The girl who usually worked nights was finishing up her day shift when I arrived, and she and my chef immediately began giving me advice. “Make sure you always have amuse bouche ready to fire. Make sure your station is always clean and organized. Always have enough towels. Always have your ice cream tempered to optimum quenelle consistency. Always have backup chocolate writing bags.” My head spun.

 

I went upstairs and reorganized the line the way I liked it. I refilled my whipped cream, orange segments, tuile pieces, and chocolate sauce. I checked my chocolate bags to make sure they were writing well; I stacked up all my plates and bowls. When 5:30 hit, I fired the first round of amuse bouche and I waited.

 

When you’re plating pastry, all your tickets are order fire, which means that from the moment that ticket comes out you have X amount of minutes (10 in this case) to get all your desserts plated, walked to expo, and run to the table. Ten minutes is actually a lot of time when you think about it. Anyone worth their salt can plate a sundae, a tart, a cobbler, a cookie plate, and doughnuts, all in five minutes, and get them to expo. Child’s play. Until you have six tickets that all come in at once. And each one has five items on it. That should take you thirty minutes, right? No! You’re fired! You’re going to make a table wait thirty minutes for dessert? Move faster, fool! So you push them out three by three, two cheesecakes at a time, four sundaes, three doughnuts…. People are waiting!

 

My chef stayed on the line with me all night that first night. She showed me her own system for working the line the way she had learned it. Her philosophy was that you should know your station so well, you could work it blindfolded. She explained to me the intricacies of the service, what times I should expect a push, how I should handle orders that come in at the same time. She told me to keep my ears tuned for words like “dessert” and “pastry.” Eventually, it would be freakish how well I would be able to pick out my own ticket calls from the cacophony of cooks, servers, runners, and chefs. And that night she told me something I’ll never forget. “If they go down, you’ll go down.”

 

That night we did over 350 covers and I worked my ass off. The two of us plated countless desserts. I wasn’t perfect. My chef regularly scolded me for leaving my towels all over the station and forgetting to dip the ice cream scoop in water before dishing it. My thumbs were always in the wrong places on the plates when I was running them to expo. She would wait for me there and I would hear “thumb!” and mentally smack myself.

 

By the time it was all over, I felt like I’d time traveled. It was 1 a.m. and I felt like I’d arrived ten minutes ago. The adrenaline was slowing and I realized that I still had my hangover headache. I was sweaty.

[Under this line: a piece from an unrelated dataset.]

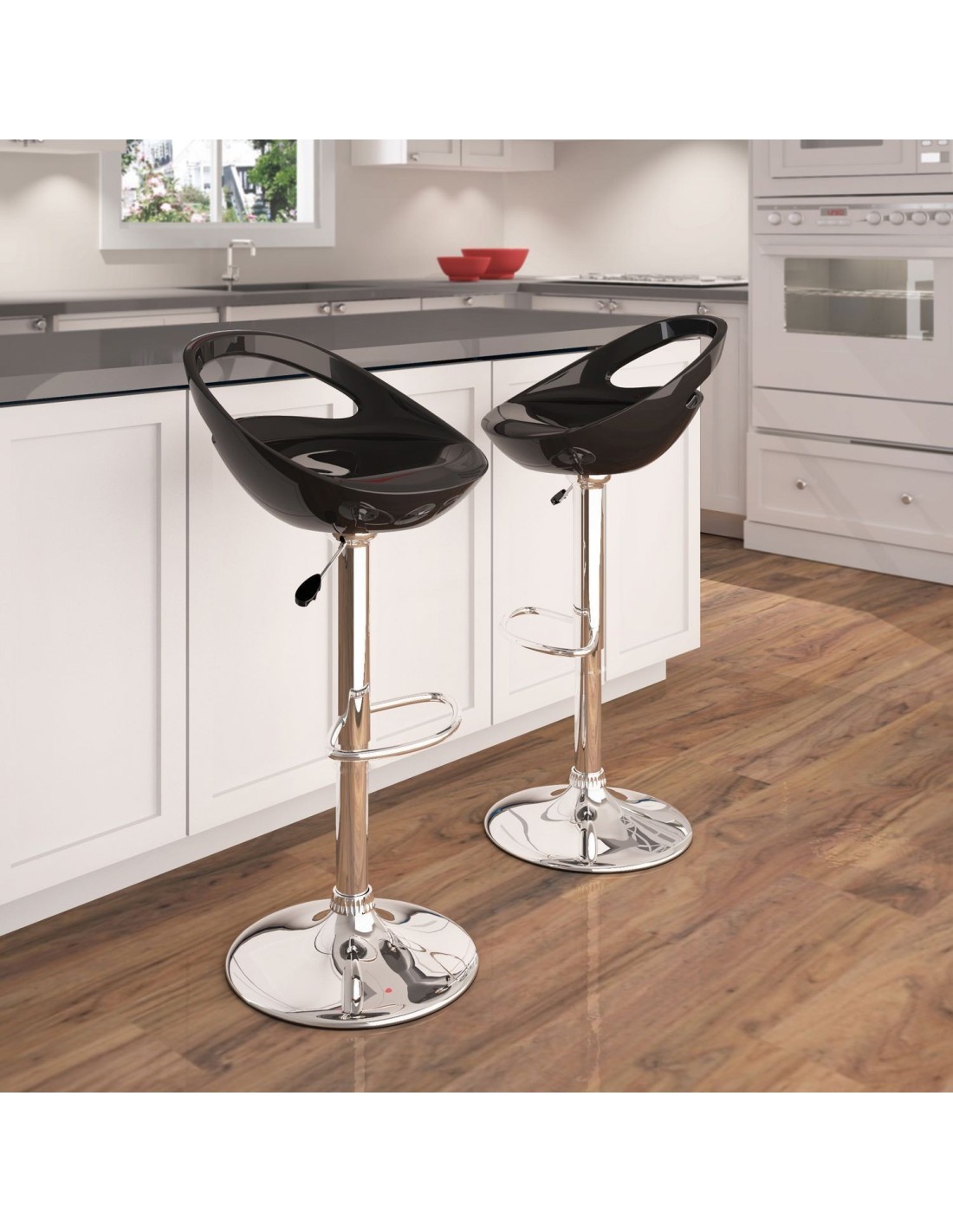 Taburete de diseño, regulable, cromado, abs color negro. Otros colores disponibles

I was emotionally exhausted; I felt fucking amazing. The line cooks were breaking down their stations. The ticket machine went off one last time. I made one final plate and I was done.

 

My chef showed me how to break down my station, what to send to dish, and what to wash myself, lest we send it off and never see it again. She told me to enjoy my day off the next day and left the building. An hour later she texted me and told me I’d done a great job.

 

In the locker room afterward, the one female line cook who’d never spoken to me before chatted me up. Our executive chef asked me where I was heading afterward, and the line cooks told me I’d “crushed it.” I felt like I’d earned some respect. And I couldn’t wait to do it all again.

 

 

Gizelle Jancovic is a finance professional and freelance writer. Prior to her financial career she spent several years in the culinary industry. She received her baking and pastry certificate from Kendall College in Chicago and studied pastry abroad at the Ritz Escoffier in Paris. Her experience ranges from cake decorating to fine dining, and she has worked in bakeries and high end restaurants across the city of Chicago. Although she has traded in her plating tweezers for spreadsheets, she considers her pastry career as one of the most valuable learning experiences of her life, and she continues to experiment with new recipes and flavor combinations as often as she can.